Rett syndrome is the most physically disabling of the autism spectrum disorders. Primarily affecting girls, the symptoms of Rett syndrome often become apparent just after they have learned to walk and say a few words. Then, the seemingly normal development slows down and eventually the infants regress, loosing speech and motor skills, developing stereotypical movements and autistic characteristics.

Almost all cases of the disease are caused by a single mutation in the MeCP2 gene, which is involved in the regulation of global gene expression, leading to a host of symptoms that can vary widely in their severity.

"Rett syndrome is sometimes considered a 'Rosetta Stone' that can help us to understand other developmental neurological disorders since it shares genetic links with other conditions such as autism and schizophrenia," says first author Carol Marchetto, Ph.D., a postdoctoral researcher in the Laboratory of Genetics at the Salk Institute.

In the past, scientists had been limited to study the brains of people with autistic spectrum disorders via imaging technologies or postmortem brain tissues.

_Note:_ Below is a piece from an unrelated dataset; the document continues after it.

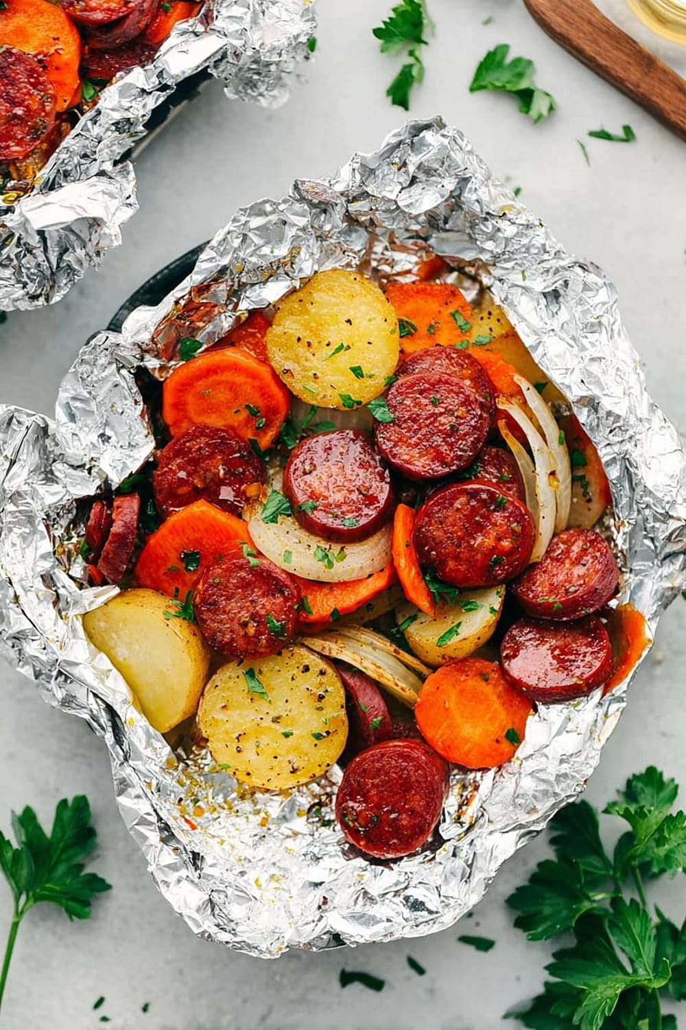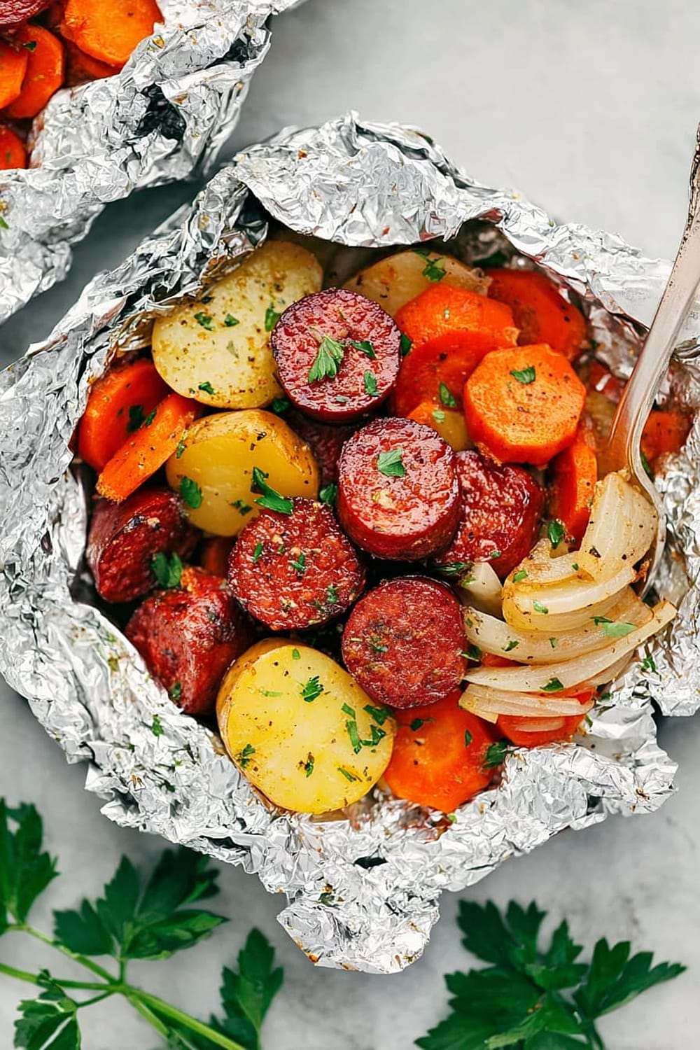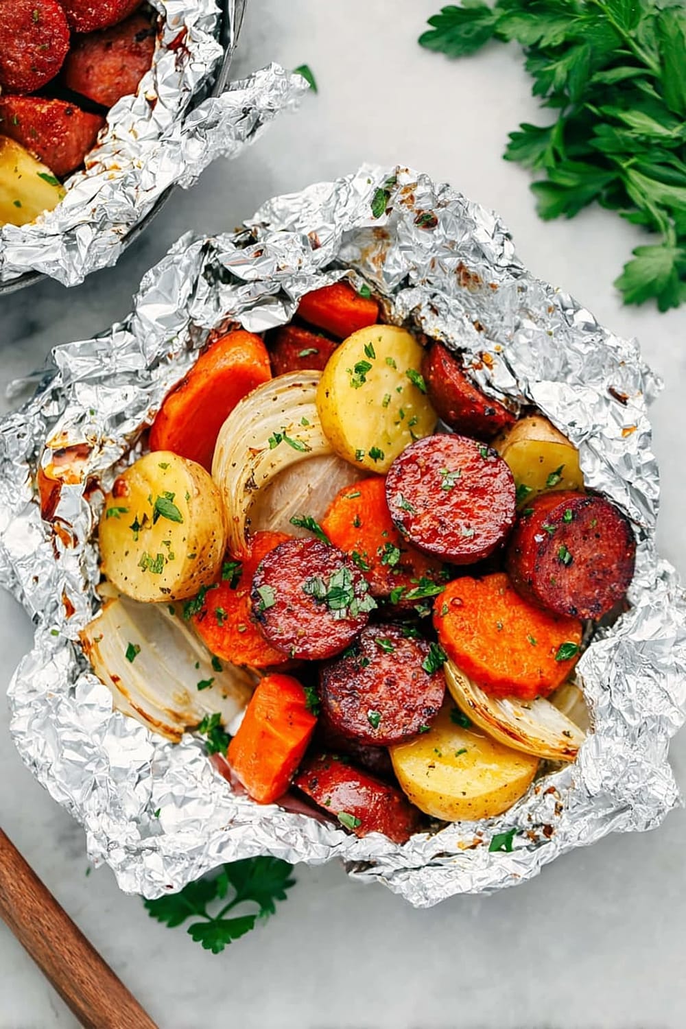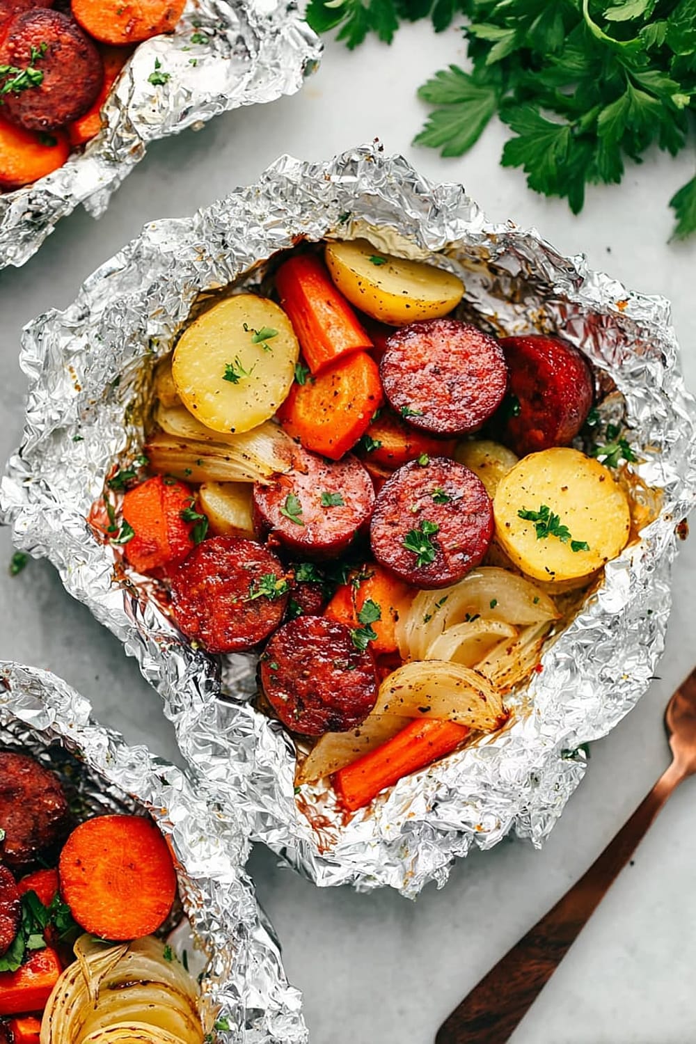 Picture this: tender potatoes, smoky sausage, and perfectly seasoned vegetables all steaming together in their own little aluminum cocoon, creating the most satisfying one-packet meal you’ve ever experienced.

Now, the ability to obtain iPS cells from patients' skin cells, which can be encouraged to develop into the cell type damaged by the disease gives scientists an unprecedented view of autism.

"It is quite amazing that we can recapitulate a psychiatric disease in a Petri Dish," says lead author Fred Gage, Ph.D., a professor in the Salk's Laboratory of Genetics and holder of the Vi and John Adler Chair for Research on Age-Related Neurodegenerative Diseases. "Being able to study Rett neurons in a dish allows us to identify subtle alterations in the functionality of the neuronal circuitry that we never had access to before."

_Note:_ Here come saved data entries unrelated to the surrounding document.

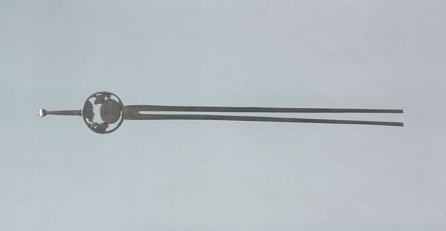 二本足の銀製簪で、梅に菊の丸文を表している。簪は笄から分化して発生し、二本足の簪は享保以降に出現した。延享元年(1744)に金銀製の櫛・笄が禁止されてからは象牙・鼈甲・錫が用いられたが、寛政頃から金銀製の簪が再流行した。花柳章太郎(1894~1965)の旧蔵品で平成15年(2003)に遺族の青山久仁子氏より国立劇場へ寄贈された。
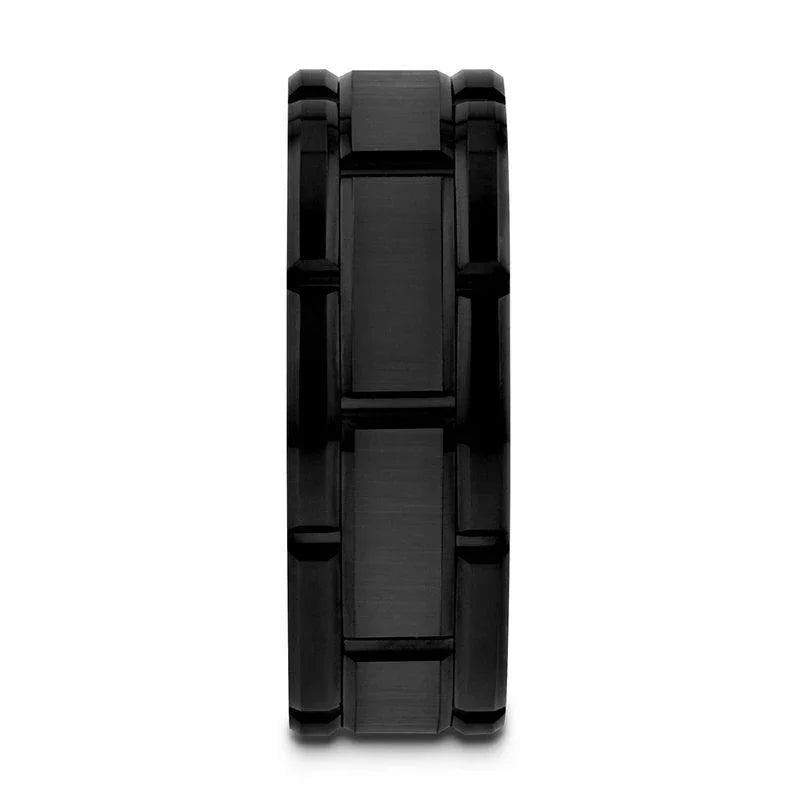 WINDSOR Beveled Black Tungsten Carbide Wedding Band with Brushed Center and Alternating Grooves β 8mm & 10mm
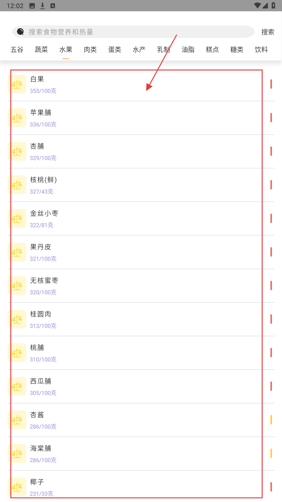 2、在【水果】分类列表,选具体食材,如【白果】,查看热量、营养信息。
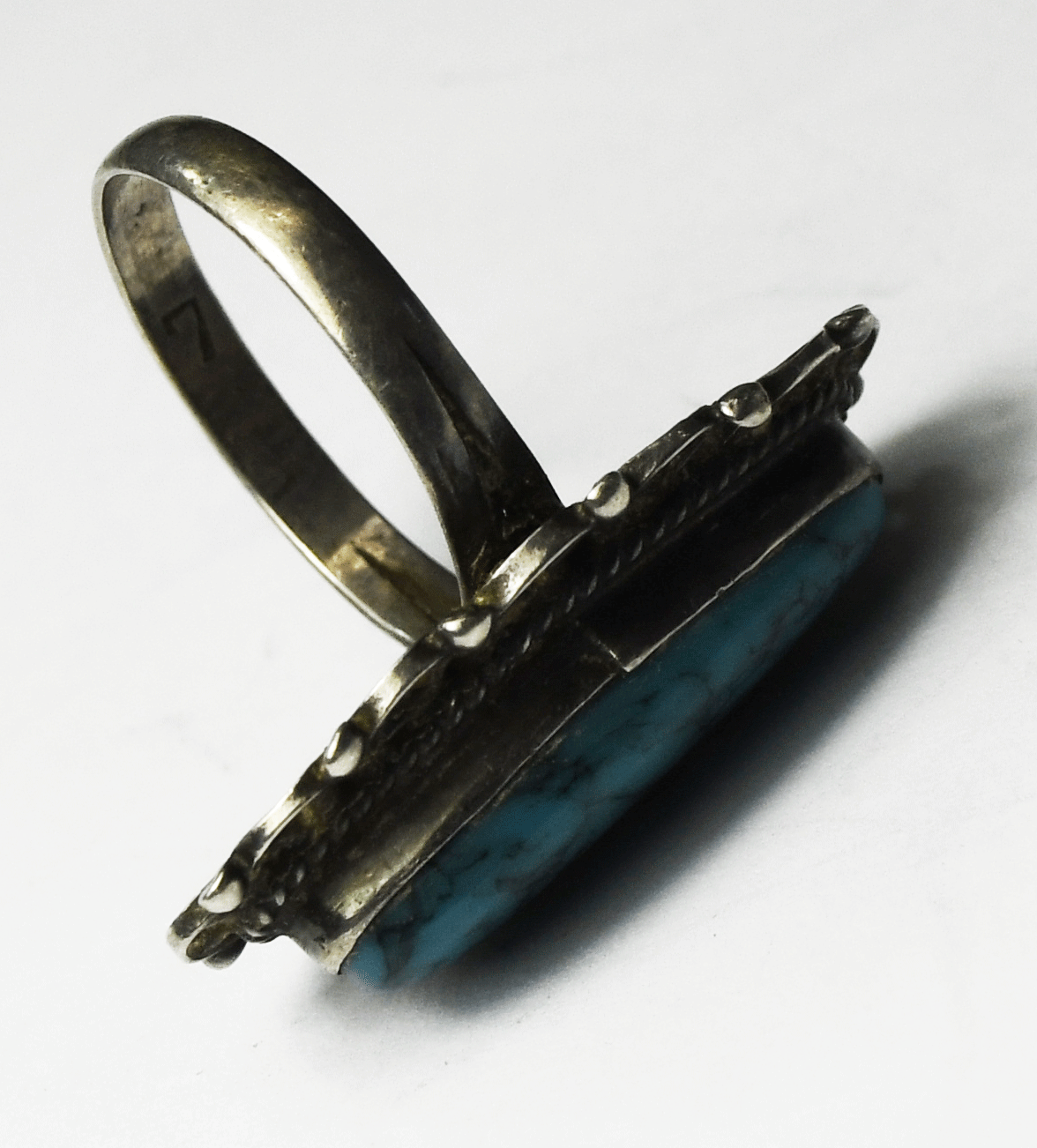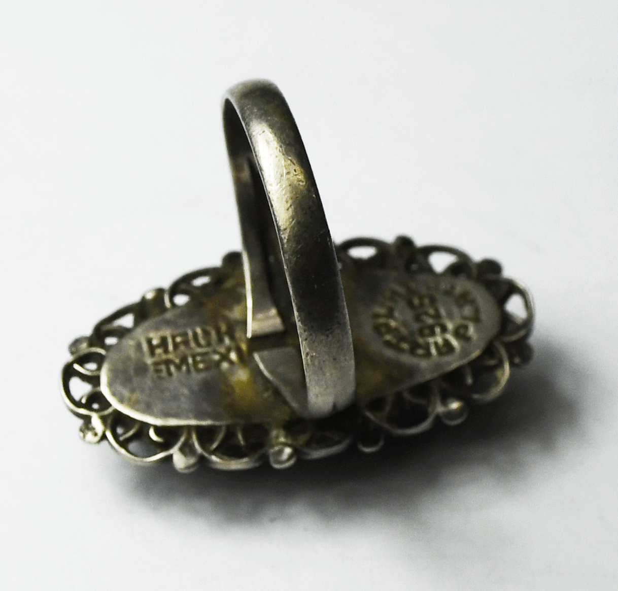 Sterling ART Mexico Faux Plastic Turquoise Filigree Ring 27mm Size 6-1/2
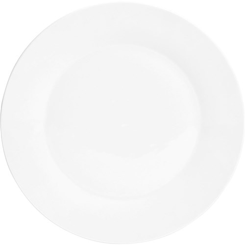 Basics crockery range. Durable porcelain gloss finish. Classic rimmed design. Microwaveable and dishwasher safe. 255mm Diameter.
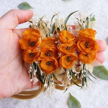 Newborn baby handmade headband. Delicate triple mini bow headband (include dry flowers) Nude one size elastic band. Every pack comes with a mix of styles like in the picture. Each headband comes in a separate bag. Because every item it's an handmade product I will do my best to send it how it's show in the picture. Sometimes the colors can be a little different ( a little darker or maybe lighter then it's show in the picture) Most of our items contains dried flowers so it will be better to be use only in the purpose of photography or when child is supervised. We don't assume responsibility for daily use.
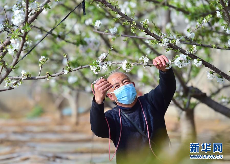 1月28日,赞皇县土门乡龙堂院村的一名果农在花果山生态农业园区大棚内给樱桃花授粉。

Marchetto started with skin biopsies taken from four patients carrying four different mutations in the MeCP2 gene and a healthy control. By exposing the skin cells to four reprogramming factors, she turned back the clock, triggering the cells to look and act like embryonic stem cells. Known at this point as induced pluripotent stem cells, the Rett-derived cells were indistinguishable from their normal counterparts.

It was only after she had patiently coaxed the iPS cells to develop into fully functioning neurons—a process that can take up to several months—that she was able to discern differences between the two. Neurons carrying the MeCP2 mutations had smaller cell bodies, a reduced number of synapses and dendritic spines, specialized structures that enable cell-cell communication, as well as electrophysical defects, indicating that things start to go wrong early in development.

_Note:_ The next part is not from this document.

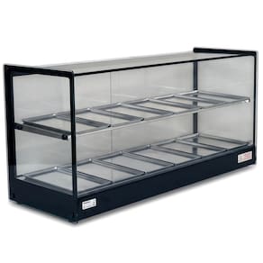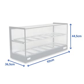 Com estrutura fabricada em perfil de alumínio anodizado e aço inox; bandejas com dobras em aço inox; vidros laterais com serigrafia, tratados termicamente (não solta com temperatura); com todos os vidros temperados; termostato; resistência elétrica em aço inox 304 tubular; fiação elétrica com revestimento em silicone resistente a 300C. A linha EVR, traz a referências do estilo retrô para o seu negócio. Seu design clean e compacto confere melhor visualização dos produtos, além de preserva-los quentes e saborosos.
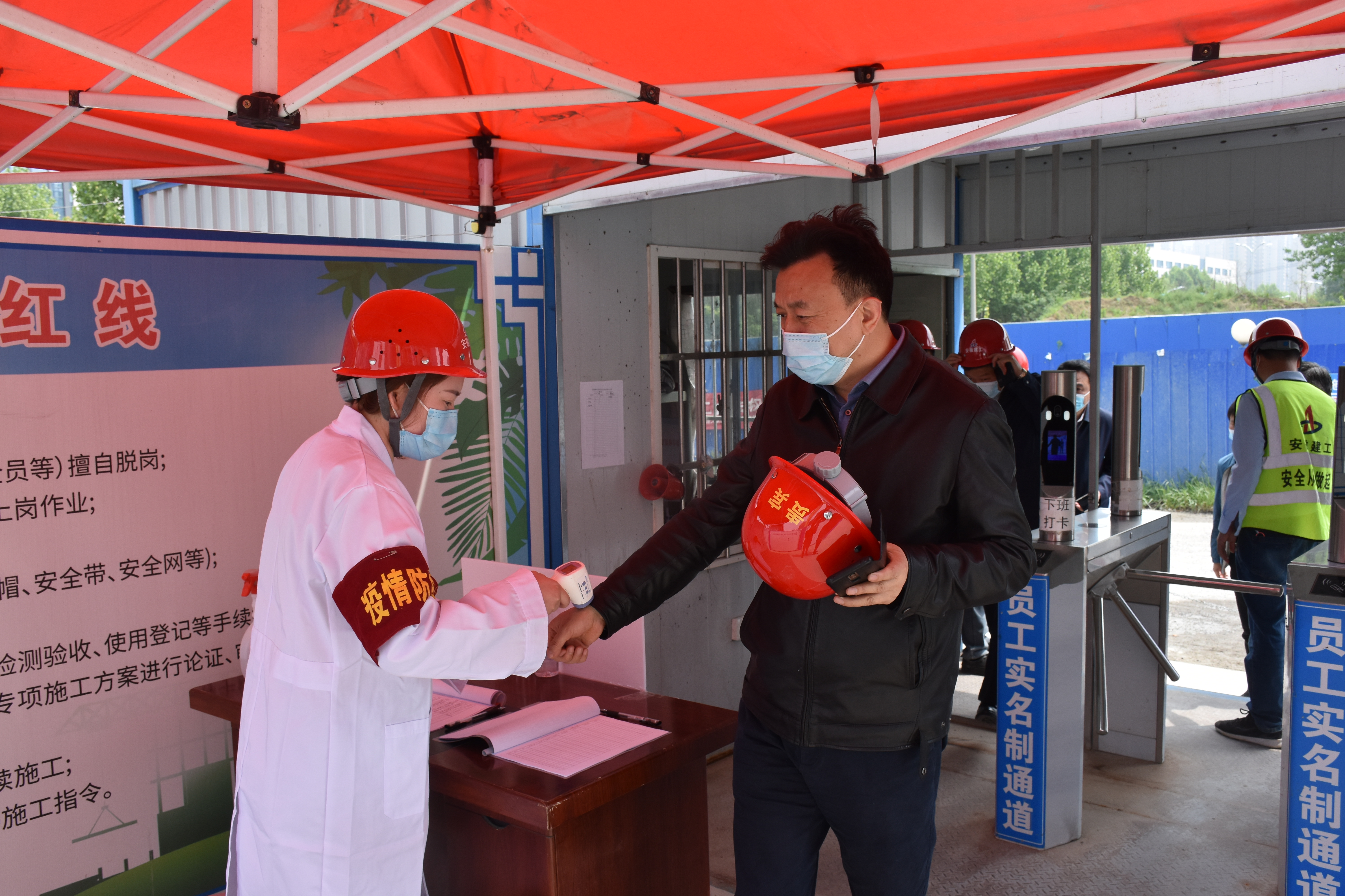 4月20日上午,建工控股黨委委員、紀委書記、監察專員王汪苗一行赴安徽二建文一春風里項目督導疫情防控工作,安徽二建黨委委員、副總經理葉和永,黨委委員、紀委書記沈壯參加督導。

Since insulin-like growth factor 1 (IGF-1)—a hormone which, among other things, has a role in regulating cell growth and neuronal development—was able to reverse some of the symptoms of Rett syndrome in a mouse model of disease, the Salk researchers tested whether IGF-1 could restore proper function to human Rett neurons grown in culture.

"IGF-1 treatment increased the number of synapses and spines reverting the neuronal phenotype closer to normal," says Gage. "This suggests that the autistic phenotype is not permanent and could be, at least partially, reversible."

Muotri is particularly excited about the prospect of finding a drug treatment for Rett syndrome and other forms of autism: "We now know that we can use disease-specific iPS cells to recreate mental disorders and start looking for new drugs based on measurable molecular defects."